Goal of the exercise:
Only the line containing "今日の献立は、チキンライス、ヌードルスープ、こめこのガトーショコラ、牛乳です。" and the lines after it, through the end of the data below, are to be returned, each exactly as it stands.

The records:
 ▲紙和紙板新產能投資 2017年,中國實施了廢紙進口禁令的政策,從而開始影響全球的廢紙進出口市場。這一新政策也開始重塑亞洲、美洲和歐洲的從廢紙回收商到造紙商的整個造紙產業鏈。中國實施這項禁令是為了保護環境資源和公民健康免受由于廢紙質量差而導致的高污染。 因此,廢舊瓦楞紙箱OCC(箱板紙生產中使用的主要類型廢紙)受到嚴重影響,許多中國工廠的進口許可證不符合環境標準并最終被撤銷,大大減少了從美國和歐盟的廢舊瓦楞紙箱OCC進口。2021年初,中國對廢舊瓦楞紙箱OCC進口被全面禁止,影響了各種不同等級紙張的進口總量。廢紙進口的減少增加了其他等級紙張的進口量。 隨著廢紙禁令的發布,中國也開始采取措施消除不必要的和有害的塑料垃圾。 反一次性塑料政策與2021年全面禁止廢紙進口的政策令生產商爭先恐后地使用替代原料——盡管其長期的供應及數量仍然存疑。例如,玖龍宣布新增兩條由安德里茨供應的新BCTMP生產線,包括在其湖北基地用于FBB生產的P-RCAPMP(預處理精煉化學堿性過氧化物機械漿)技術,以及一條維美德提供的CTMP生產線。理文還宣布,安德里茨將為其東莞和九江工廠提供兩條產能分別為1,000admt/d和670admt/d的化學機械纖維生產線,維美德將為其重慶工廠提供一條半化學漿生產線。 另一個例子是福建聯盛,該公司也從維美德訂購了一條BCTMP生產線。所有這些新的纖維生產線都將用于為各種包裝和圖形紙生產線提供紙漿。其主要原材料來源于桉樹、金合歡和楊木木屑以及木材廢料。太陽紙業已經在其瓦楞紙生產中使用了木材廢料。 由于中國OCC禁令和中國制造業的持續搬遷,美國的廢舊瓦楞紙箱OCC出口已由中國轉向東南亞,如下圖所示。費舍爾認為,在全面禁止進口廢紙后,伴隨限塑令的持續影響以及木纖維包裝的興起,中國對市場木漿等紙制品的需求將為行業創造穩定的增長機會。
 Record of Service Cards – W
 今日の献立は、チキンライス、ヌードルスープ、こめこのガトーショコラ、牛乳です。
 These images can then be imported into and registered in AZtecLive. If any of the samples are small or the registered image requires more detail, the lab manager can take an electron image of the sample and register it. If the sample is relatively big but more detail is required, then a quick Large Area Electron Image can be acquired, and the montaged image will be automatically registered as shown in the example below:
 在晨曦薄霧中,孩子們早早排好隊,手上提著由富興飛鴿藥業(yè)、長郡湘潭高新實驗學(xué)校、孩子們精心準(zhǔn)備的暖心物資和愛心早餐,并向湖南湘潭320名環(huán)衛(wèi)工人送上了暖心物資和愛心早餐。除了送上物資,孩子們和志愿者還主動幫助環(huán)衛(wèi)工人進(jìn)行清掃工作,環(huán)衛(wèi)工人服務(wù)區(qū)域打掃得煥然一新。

Problem solution:
 今日の献立は、チキンライス、ヌードルスープ、こめこのガトーショコラ、牛乳です。
 These images can then be imported into and registered in AZtecLive. If any of the samples are small or the registered image requires more detail, the lab manager can take an electron image of the sample and register it. If the sample is relatively big but more detail is required, then a quick Large Area Electron Image can be acquired, and the montaged image will be automatically registered as shown in the example below:
 在晨曦薄霧中,孩子們早早排好隊,手上提著由富興飛鴿藥業(yè)、長郡湘潭高新實驗學(xué)校、孩子們精心準(zhǔn)備的暖心物資和愛心早餐,并向湖南湘潭320名環(huán)衛(wèi)工人送上了暖心物資和愛心早餐。除了送上物資,孩子們和志愿者還主動幫助環(huán)衛(wèi)工人進(jìn)行清掃工作,環(huán)衛(wèi)工人服務(wù)區(qū)域打掃得煥然一新。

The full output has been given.